→ **ENTRIES PROVIDED**
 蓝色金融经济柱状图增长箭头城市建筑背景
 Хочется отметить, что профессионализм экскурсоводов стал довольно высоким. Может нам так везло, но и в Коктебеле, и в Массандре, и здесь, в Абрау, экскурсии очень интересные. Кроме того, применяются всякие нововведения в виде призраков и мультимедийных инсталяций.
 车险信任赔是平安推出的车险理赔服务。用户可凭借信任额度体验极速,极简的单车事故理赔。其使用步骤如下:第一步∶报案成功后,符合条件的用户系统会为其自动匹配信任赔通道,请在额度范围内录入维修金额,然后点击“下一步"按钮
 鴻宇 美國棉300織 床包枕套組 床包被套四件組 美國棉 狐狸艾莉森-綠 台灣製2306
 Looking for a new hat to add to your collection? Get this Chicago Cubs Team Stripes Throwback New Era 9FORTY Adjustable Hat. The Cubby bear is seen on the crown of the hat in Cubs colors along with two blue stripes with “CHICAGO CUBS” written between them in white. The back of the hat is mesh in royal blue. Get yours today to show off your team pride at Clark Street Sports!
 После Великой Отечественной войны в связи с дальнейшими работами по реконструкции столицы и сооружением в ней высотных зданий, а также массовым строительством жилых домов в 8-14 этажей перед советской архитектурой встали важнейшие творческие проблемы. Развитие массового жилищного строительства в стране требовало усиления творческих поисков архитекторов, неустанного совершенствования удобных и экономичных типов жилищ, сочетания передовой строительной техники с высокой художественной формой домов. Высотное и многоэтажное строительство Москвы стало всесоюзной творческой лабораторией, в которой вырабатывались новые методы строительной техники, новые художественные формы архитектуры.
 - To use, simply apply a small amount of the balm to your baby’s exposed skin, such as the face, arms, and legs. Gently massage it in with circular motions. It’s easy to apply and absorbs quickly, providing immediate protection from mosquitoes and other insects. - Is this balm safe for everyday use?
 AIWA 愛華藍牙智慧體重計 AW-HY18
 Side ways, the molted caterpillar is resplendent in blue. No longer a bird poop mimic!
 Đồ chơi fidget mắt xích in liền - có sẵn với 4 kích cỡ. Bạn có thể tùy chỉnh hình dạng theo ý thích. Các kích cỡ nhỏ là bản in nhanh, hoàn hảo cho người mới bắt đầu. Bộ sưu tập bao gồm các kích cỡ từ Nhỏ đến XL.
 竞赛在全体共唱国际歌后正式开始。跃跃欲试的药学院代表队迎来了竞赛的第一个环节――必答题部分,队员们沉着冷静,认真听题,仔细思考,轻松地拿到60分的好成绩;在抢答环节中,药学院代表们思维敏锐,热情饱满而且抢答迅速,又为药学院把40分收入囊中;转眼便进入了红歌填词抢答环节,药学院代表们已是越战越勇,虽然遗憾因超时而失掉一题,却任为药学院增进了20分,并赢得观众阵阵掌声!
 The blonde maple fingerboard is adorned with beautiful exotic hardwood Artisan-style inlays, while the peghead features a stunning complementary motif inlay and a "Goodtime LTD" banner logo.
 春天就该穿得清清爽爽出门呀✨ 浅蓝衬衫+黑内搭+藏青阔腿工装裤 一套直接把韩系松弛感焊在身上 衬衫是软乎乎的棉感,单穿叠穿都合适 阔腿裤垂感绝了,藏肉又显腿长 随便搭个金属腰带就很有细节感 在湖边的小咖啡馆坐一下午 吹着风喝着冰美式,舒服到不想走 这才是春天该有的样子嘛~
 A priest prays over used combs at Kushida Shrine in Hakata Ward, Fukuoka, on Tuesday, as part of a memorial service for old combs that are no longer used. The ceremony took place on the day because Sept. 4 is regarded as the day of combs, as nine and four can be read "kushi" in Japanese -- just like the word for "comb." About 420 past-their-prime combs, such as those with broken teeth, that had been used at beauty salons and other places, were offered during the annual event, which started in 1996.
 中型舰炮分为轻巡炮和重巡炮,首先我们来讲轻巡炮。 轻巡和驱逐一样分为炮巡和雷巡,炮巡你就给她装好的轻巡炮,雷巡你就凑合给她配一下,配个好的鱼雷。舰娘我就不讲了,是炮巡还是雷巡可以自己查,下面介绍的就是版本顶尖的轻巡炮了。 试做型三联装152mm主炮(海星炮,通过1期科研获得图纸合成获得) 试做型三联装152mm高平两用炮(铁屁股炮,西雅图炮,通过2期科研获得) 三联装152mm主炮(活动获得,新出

→ **EXERCISE**
Please copy exactly, and only, the lines running from the one containing "The blonde maple" through the end of the listing.

→ **ANSWER FOR THE TASK**
 The blonde maple fingerboard is adorned with beautiful exotic hardwood Artisan-style inlays, while the peghead features a stunning complementary motif inlay and a "Goodtime LTD" banner logo.
 春天就该穿得清清爽爽出门呀✨ 浅蓝衬衫+黑内搭+藏青阔腿工装裤 一套直接把韩系松弛感焊在身上 衬衫是软乎乎的棉感,单穿叠穿都合适 阔腿裤垂感绝了,藏肉又显腿长 随便搭个金属腰带就很有细节感 在湖边的小咖啡馆坐一下午 吹着风喝着冰美式,舒服到不想走 这才是春天该有的样子嘛~
 A priest prays over used combs at Kushida Shrine in Hakata Ward, Fukuoka, on Tuesday, as part of a memorial service for old combs that are no longer used. The ceremony took place on the day because Sept. 4 is regarded as the day of combs, as nine and four can be read "kushi" in Japanese -- just like the word for "comb." About 420 past-their-prime combs, such as those with broken teeth, that had been used at beauty salons and other places, were offered during the annual event, which started in 1996.
 中型舰炮分为轻巡炮和重巡炮,首先我们来讲轻巡炮。 轻巡和驱逐一样分为炮巡和雷巡,炮巡你就给她装好的轻巡炮,雷巡你就凑合给她配一下,配个好的鱼雷。舰娘我就不讲了,是炮巡还是雷巡可以自己查,下面介绍的就是版本顶尖的轻巡炮了。 试做型三联装152mm主炮(海星炮,通过1期科研获得图纸合成获得) 试做型三联装152mm高平两用炮(铁屁股炮,西雅图炮,通过2期科研获得) 三联装152mm主炮(活动获得,新出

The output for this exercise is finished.